The null hypothesis then is usually specified for a certain parameter as one- or two-sided. Accordingly, the test statistic's relevant distribution (or the sampling scheme, in case of MCMC computation) as well as the statistic's rejection region is affected. Computation of posterior predictive p-values is also implemented in the bayesmeta R package.²¹

2.5 The reference model as an alternative variation of the NNHM

When meta-analyzing a pair of estimates, the common NNHM may sometimes be hard to motivate, as an exchangeable model of both estimates θ_i centered around a common mean value μ may seem inappropriate. Consider for example the joint analysis of randomized and observational data; reference to a common mean parameter μ or identical variances $τ^{2}$ may be counterintuitive in such a case. An “asymmetric” treatment of both estimates in terms of a “reference” estimate and a “secondary”, related observable with an uncertain amount of offset associated may seem more appealing. It is possible to formulate a slight variation of the NNHM following this second approach, which may seem more realistic, and for which one can then show that both approaches are equivalent as far as shrinkage estimates are concerned. In the following, we will refer to this model variation as the reference model.

Suppose that the prior for the effect μ in the NNHM is given by an (improper) uniform distribution, and that the heterogeneity prior is defined through a density $p_{⋆} (τ)$ . Then the model variation is defined as follows; for the observables y_i we assume

y_{i} | ϑ_{i} \sim N (ϑ_{i}, σ_{i}^{2})

(4)

which so far is analogous to the NNHM setup.
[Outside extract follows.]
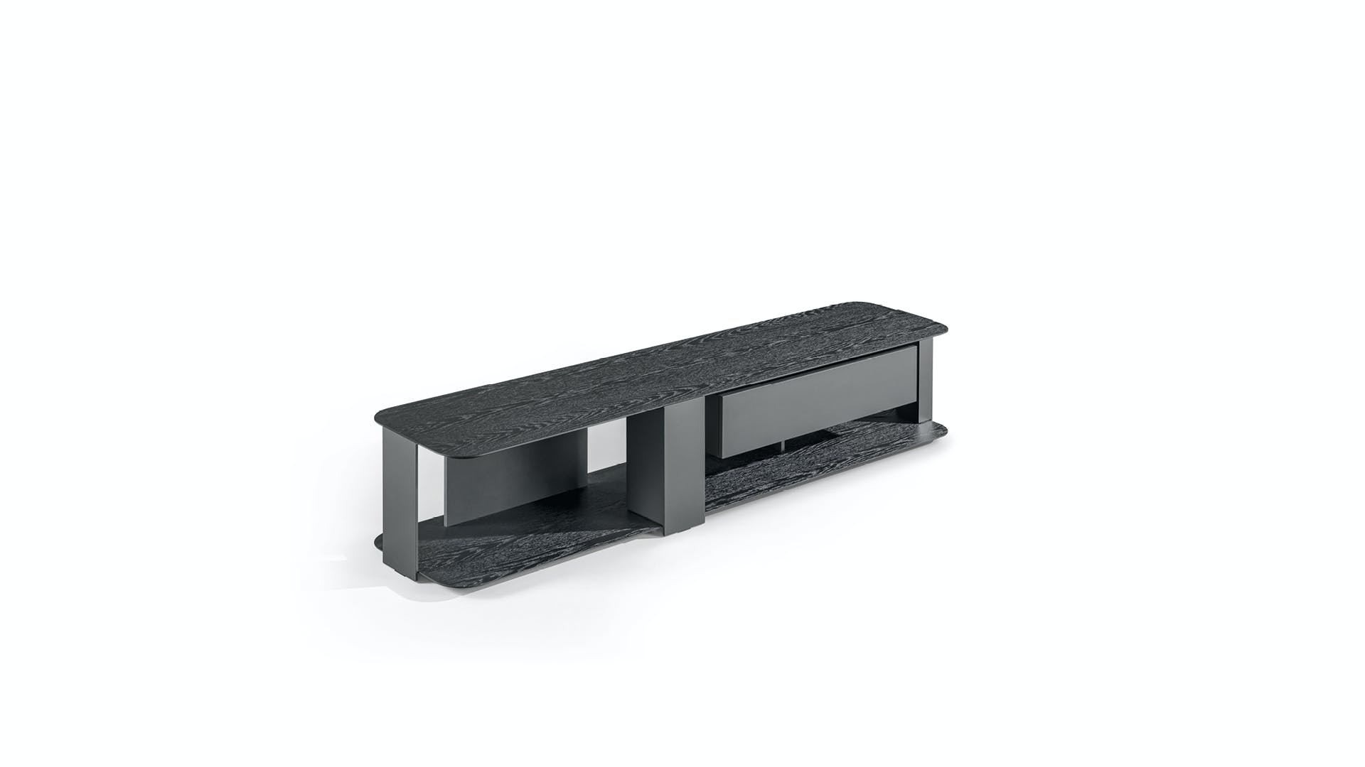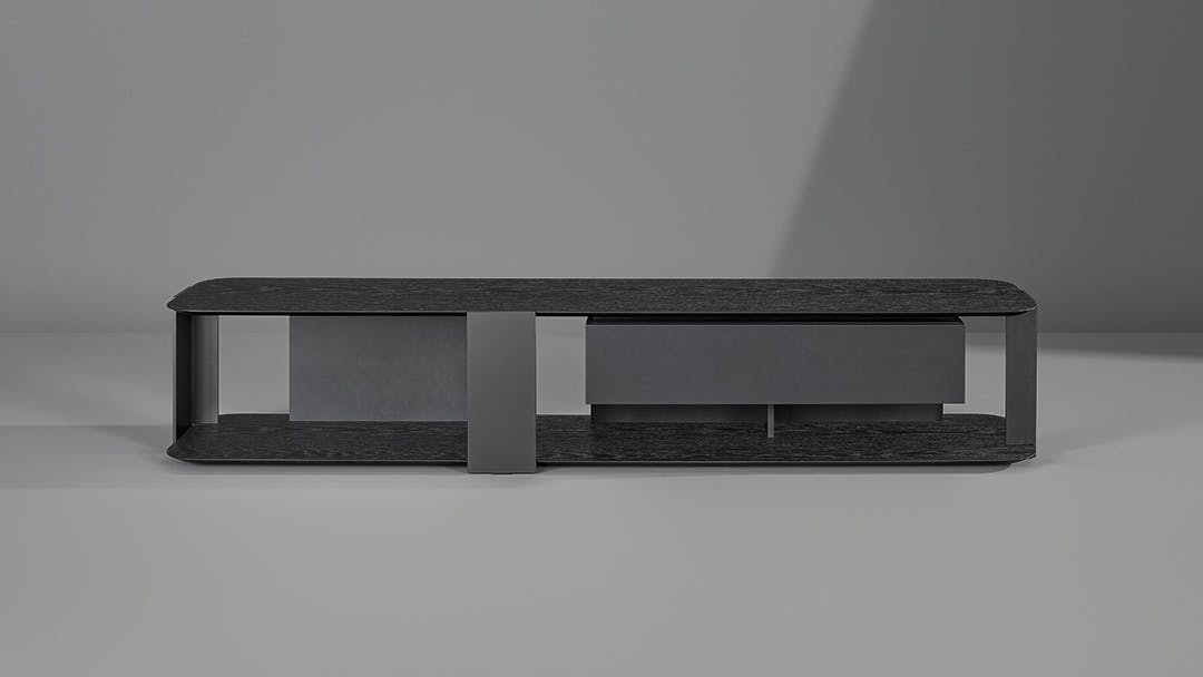 The Paddle TV stand catches the attention thanks to its visual lightness yet behind which there is significant structural strength. In addition to being freestanding as a low console, this piece of furniture can also be wall-mounted, offering ample flexibility for interpretation and insertion into any space. Available in two fixed colour combinations (Canaletto walnut and bronze or coal oak and lead), the modern tv console is enriched with the addition of a convenient lacquered wood drawer. There is also the Paddle TV stand light version with integrated lighting system offering a backlit effect.

At the next hierarchy level, we then specify

ϑ_{1} | α, β \sim N (α, 0) (i . e ., ϑ_{1} = α),

(5)

ϑ_{2} | α, β \sim N (α, β^{2})

(6)

where the “effect” parameter α again has an improper uniform prior and the variance component β now has a prior density given by

\frac{1}{\sqrt{2}} p_{⋆} (\frac{β}{\sqrt{2}})

. The parameter β hence has a prior that is scaled by a factor of

\sqrt{2}

relative to τ, which corresponds to a factor 2 difference for the squared parameters (the variances).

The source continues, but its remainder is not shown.